Exercise data Start Marker
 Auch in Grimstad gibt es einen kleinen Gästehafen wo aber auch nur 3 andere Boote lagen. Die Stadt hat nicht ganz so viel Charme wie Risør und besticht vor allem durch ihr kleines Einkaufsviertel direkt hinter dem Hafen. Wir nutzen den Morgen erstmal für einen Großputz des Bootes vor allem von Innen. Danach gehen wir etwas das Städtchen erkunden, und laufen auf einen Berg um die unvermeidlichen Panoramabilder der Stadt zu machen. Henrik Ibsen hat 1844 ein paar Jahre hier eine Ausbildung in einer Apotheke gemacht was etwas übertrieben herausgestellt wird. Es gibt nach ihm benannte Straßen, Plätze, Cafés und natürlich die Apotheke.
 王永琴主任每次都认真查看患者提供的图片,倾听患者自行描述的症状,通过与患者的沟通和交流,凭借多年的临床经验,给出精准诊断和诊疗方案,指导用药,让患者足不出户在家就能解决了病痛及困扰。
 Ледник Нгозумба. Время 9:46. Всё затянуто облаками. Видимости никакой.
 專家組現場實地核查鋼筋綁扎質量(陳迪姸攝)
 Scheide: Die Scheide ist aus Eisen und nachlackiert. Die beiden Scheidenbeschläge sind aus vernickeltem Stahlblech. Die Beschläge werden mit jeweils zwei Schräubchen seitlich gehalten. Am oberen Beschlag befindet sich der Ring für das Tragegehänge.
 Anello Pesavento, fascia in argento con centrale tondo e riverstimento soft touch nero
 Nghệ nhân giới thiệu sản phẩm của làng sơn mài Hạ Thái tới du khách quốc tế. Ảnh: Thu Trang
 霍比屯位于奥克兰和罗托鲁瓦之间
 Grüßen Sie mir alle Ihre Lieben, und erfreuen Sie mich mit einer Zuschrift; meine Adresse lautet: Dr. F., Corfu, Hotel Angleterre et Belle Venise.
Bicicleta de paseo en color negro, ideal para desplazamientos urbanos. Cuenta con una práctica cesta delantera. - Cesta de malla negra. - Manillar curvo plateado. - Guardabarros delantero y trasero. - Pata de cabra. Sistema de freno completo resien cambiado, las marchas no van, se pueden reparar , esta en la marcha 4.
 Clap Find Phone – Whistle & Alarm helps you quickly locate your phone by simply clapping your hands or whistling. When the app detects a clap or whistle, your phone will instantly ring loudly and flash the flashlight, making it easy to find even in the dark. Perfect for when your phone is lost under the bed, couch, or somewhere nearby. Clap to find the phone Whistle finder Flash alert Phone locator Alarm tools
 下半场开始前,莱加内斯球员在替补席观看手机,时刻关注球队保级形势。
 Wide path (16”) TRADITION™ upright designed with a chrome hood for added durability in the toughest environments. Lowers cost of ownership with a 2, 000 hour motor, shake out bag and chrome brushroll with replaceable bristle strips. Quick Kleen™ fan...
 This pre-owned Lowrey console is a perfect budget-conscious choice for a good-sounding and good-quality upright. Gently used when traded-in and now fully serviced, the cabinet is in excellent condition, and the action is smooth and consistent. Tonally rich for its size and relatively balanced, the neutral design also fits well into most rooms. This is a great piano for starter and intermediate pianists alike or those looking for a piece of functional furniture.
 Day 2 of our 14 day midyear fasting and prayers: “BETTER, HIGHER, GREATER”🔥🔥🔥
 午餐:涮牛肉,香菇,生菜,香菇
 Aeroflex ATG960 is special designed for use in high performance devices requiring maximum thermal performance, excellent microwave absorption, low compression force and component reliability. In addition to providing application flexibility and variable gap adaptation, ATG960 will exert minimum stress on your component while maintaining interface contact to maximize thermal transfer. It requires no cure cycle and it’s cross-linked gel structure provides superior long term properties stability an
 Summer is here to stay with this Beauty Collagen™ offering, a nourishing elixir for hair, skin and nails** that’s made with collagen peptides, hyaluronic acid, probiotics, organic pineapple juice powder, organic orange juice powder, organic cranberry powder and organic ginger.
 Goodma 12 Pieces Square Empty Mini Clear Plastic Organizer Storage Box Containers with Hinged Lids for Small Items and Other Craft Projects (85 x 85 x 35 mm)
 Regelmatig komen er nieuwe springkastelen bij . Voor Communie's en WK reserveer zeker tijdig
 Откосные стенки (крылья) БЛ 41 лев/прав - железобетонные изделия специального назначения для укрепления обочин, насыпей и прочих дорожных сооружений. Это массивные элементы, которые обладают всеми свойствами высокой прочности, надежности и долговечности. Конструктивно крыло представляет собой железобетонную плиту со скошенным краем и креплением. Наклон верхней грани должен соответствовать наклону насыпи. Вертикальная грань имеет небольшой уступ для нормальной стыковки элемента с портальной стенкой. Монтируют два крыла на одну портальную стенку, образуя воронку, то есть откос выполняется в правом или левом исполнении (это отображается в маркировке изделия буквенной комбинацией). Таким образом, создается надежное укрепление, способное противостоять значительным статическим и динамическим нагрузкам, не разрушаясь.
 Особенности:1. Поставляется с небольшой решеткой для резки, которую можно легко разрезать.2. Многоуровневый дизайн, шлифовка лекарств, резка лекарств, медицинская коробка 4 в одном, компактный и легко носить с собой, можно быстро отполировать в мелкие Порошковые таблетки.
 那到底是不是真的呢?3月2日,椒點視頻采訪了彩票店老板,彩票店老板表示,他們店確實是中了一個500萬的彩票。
Exercise data End Marker
* _Task to carry out_: Exact repetition of every entry in the data is required.

* _Exercise answer_:
 Auch in Grimstad gibt es einen kleinen Gästehafen wo aber auch nur 3 andere Boote lagen. Die Stadt hat nicht ganz so viel Charme wie Risør und besticht vor allem durch ihr kleines Einkaufsviertel direkt hinter dem Hafen. Wir nutzen den Morgen erstmal für einen Großputz des Bootes vor allem von Innen. Danach gehen wir etwas das Städtchen erkunden, und laufen auf einen Berg um die unvermeidlichen Panoramabilder der Stadt zu machen. Henrik Ibsen hat 1844 ein paar Jahre hier eine Ausbildung in einer Apotheke gemacht was etwas übertrieben herausgestellt wird. Es gibt nach ihm benannte Straßen, Plätze, Cafés und natürlich die Apotheke.
 王永琴主任每次都认真查看患者提供的图片,倾听患者自行描述的症状,通过与患者的沟通和交流,凭借多年的临床经验,给出精准诊断和诊疗方案,指导用药,让患者足不出户在家就能解决了病痛及困扰。
 Ледник Нгозумба. Время 9:46. Всё затянуто облаками. Видимости никакой.
 專家組現場實地核查鋼筋綁扎質量(陳迪姸攝)
 Scheide: Die Scheide ist aus Eisen und nachlackiert. Die beiden Scheidenbeschläge sind aus vernickeltem Stahlblech. Die Beschläge werden mit jeweils zwei Schräubchen seitlich gehalten. Am oberen Beschlag befindet sich der Ring für das Tragegehänge.
 Anello Pesavento, fascia in argento con centrale tondo e riverstimento soft touch nero
 Nghệ nhân giới thiệu sản phẩm của làng sơn mài Hạ Thái tới du khách quốc tế. Ảnh: Thu Trang
 霍比屯位于奥克兰和罗托鲁瓦之间
 Grüßen Sie mir alle Ihre Lieben, und erfreuen Sie mich mit einer Zuschrift; meine Adresse lautet: Dr. F., Corfu, Hotel Angleterre et Belle Venise.
Bicicleta de paseo en color negro, ideal para desplazamientos urbanos. Cuenta con una práctica cesta delantera. - Cesta de malla negra. - Manillar curvo plateado. - Guardabarros delantero y trasero. - Pata de cabra. Sistema de freno completo resien cambiado, las marchas no van, se pueden reparar , esta en la marcha 4.
 Clap Find Phone – Whistle & Alarm helps you quickly locate your phone by simply clapping your hands or whistling. When the app detects a clap or whistle, your phone will instantly ring loudly and flash the flashlight, making it easy to find even in the dark. Perfect for when your phone is lost under the bed, couch, or somewhere nearby. Clap to find the phone Whistle finder Flash alert Phone locator Alarm tools
 下半场开始前,莱加内斯球员在替补席观看手机,时刻关注球队保级形势。
 Wide path (16”) TRADITION™ upright designed with a chrome hood for added durability in the toughest environments. Lowers cost of ownership with a 2, 000 hour motor, shake out bag and chrome brushroll with replaceable bristle strips. Quick Kleen™ fan...
 This pre-owned Lowrey console is a perfect budget-conscious choice for a good-sounding and good-quality upright. Gently used when traded-in and now fully serviced, the cabinet is in excellent condition, and the action is smooth and consistent. Tonally rich for its size and relatively balanced, the neutral design also fits well into most rooms. This is a great piano for starter and intermediate pianists alike or those looking for a piece of functional furniture.
 Day 2 of our 14 day midyear fasting and prayers: “BETTER, HIGHER, GREATER”🔥🔥🔥
 午餐:涮牛肉,香菇,生菜,香菇
 Aeroflex ATG960 is special designed for use in high performance devices requiring maximum thermal performance, excellent microwave absorption, low compression force and component reliability. In addition to providing application flexibility and variable gap adaptation, ATG960 will exert minimum stress on your component while maintaining interface contact to maximize thermal transfer. It requires no cure cycle and it’s cross-linked gel structure provides superior long term properties stability an
 Summer is here to stay with this Beauty Collagen™ offering, a nourishing elixir for hair, skin and nails** that’s made with collagen peptides, hyaluronic acid, probiotics, organic pineapple juice powder, organic orange juice powder, organic cranberry powder and organic ginger.
 Goodma 12 Pieces Square Empty Mini Clear Plastic Organizer Storage Box Containers with Hinged Lids for Small Items and Other Craft Projects (85 x 85 x 35 mm)
 Regelmatig komen er nieuwe springkastelen bij . Voor Communie's en WK reserveer zeker tijdig
 Откосные стенки (крылья) БЛ 41 лев/прав - железобетонные изделия специального назначения для укрепления обочин, насыпей и прочих дорожных сооружений. Это массивные элементы, которые обладают всеми свойствами высокой прочности, надежности и долговечности. Конструктивно крыло представляет собой железобетонную плиту со скошенным краем и креплением. Наклон верхней грани должен соответствовать наклону насыпи. Вертикальная грань имеет небольшой уступ для нормальной стыковки элемента с портальной стенкой. Монтируют два крыла на одну портальную стенку, образуя воронку, то есть откос выполняется в правом или левом исполнении (это отображается в маркировке изделия буквенной комбинацией). Таким образом, создается надежное укрепление, способное противостоять значительным статическим и динамическим нагрузкам, не разрушаясь.
 Особенности:1. Поставляется с небольшой решеткой для резки, которую можно легко разрезать.2. Многоуровневый дизайн, шлифовка лекарств, резка лекарств, медицинская коробка 4 в одном, компактный и легко носить с собой, можно быстро отполировать в мелкие Порошковые таблетки.
 那到底是不是真的呢?3月2日,椒點視頻采訪了彩票店老板,彩票店老板表示,他們店確實是中了一個500萬的彩票。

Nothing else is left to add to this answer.